Copy exactly, and only, the lines from the one with "If a loading" to the end of the listing; omit pictures.
========================
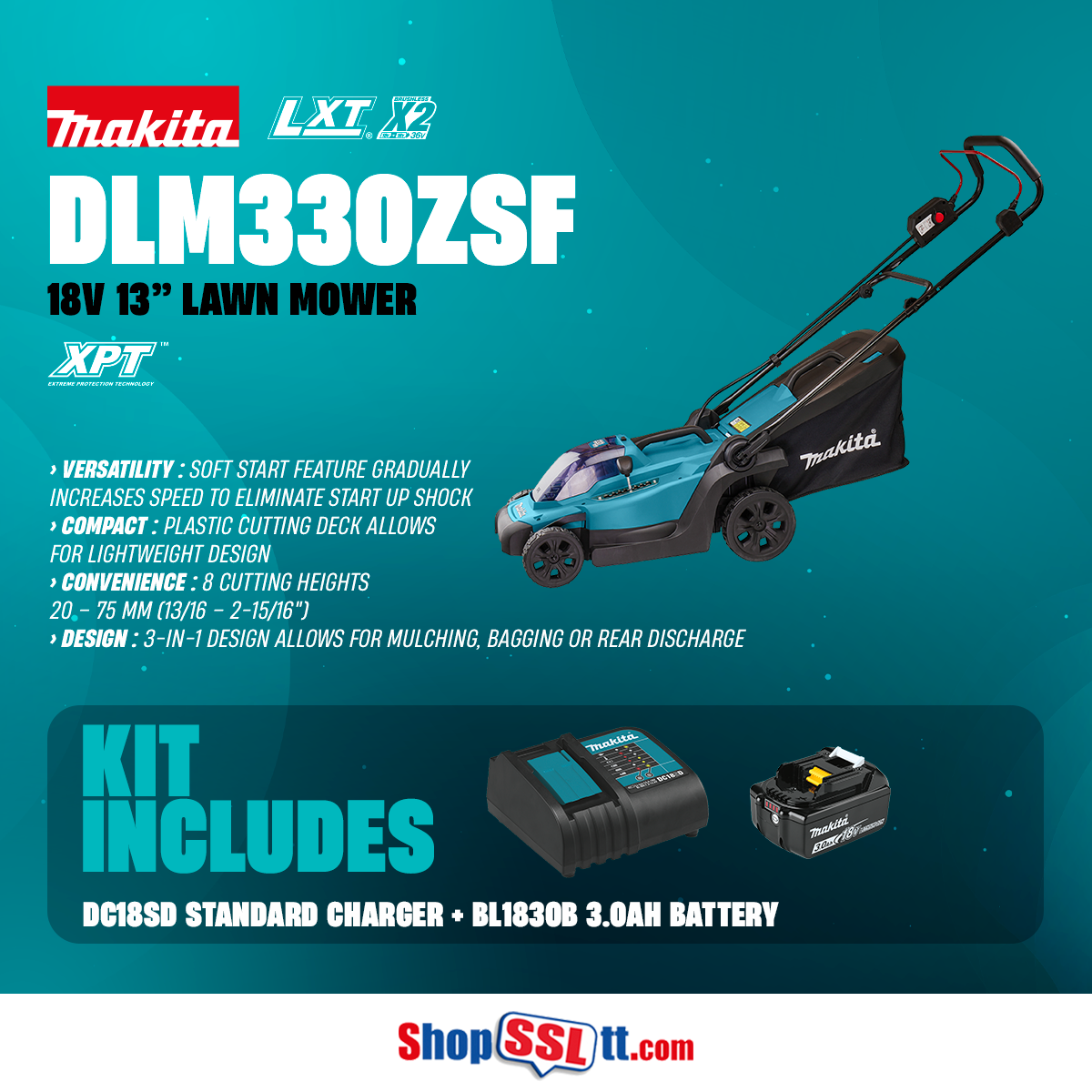 (1) 18V LXT Li-Ion Cordless 33 cm (13") 3 in 1 Lawn Mower (DLM330Z)
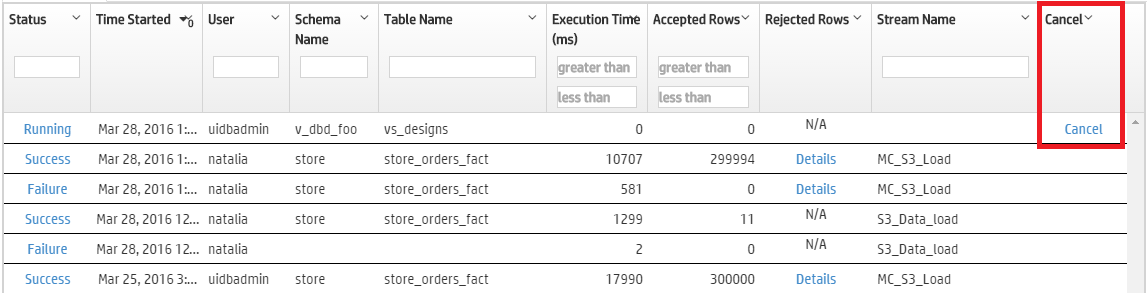 If a loading job is in progress, you can cancel it using the Cancel option in the Load History tab's Cancel column. Click Cancel to cancel the loading job. When you cancel a job, the database rolls back all rows and does not commit any data to the target table.
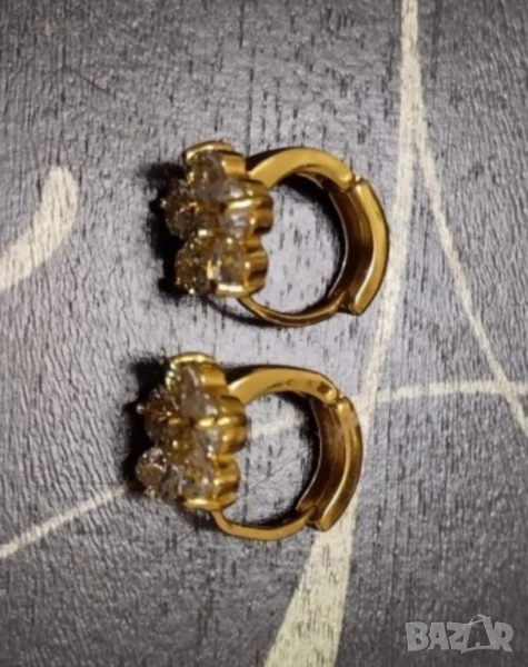 Прекрасни обеци цвете от 14к попълнено злато с цирконии 20 лв. → Обява 51768124
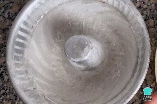 Prepara el molde engrasándolo y enharinándolo. En este caso, es un savarín de 22 cm de diámetro, sin embargo, puedes adaptar las cantidades al molde que quieras utilizar para añadir el budín con chispas de chocolate.
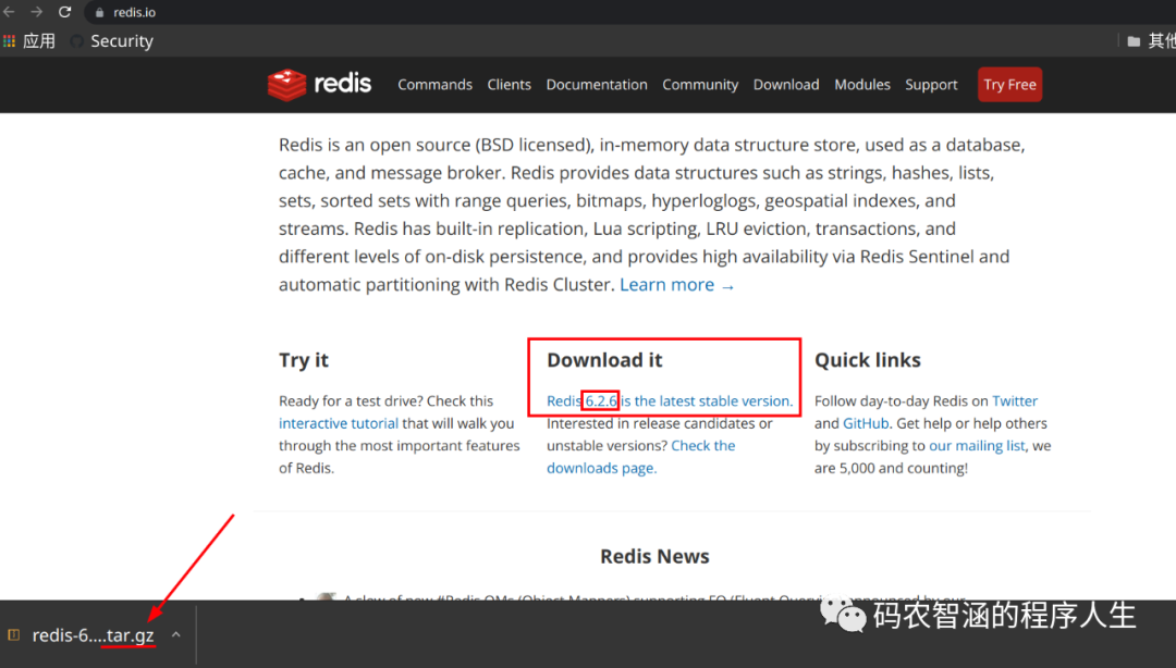 去到官方网站:https://redis.io/,下载Redis
========================
ANSWER TO THIS TASK -
 If a loading job is in progress, you can cancel it using the Cancel option in the Load History tab's Cancel column. Click Cancel to cancel the loading job. When you cancel a job, the database rolls back all rows and does not commit any data to the target table.
 Прекрасни обеци цвете от 14к попълнено злато с цирконии 20 лв. → Обява 51768124
 Prepara el molde engrasándolo y enharinándolo. En este caso, es un savarín de 22 cm de diámetro, sin embargo, puedes adaptar las cantidades al molde que quieras utilizar para añadir el budín con chispas de chocolate.
 去到官方网站:https://redis.io/,下载Redis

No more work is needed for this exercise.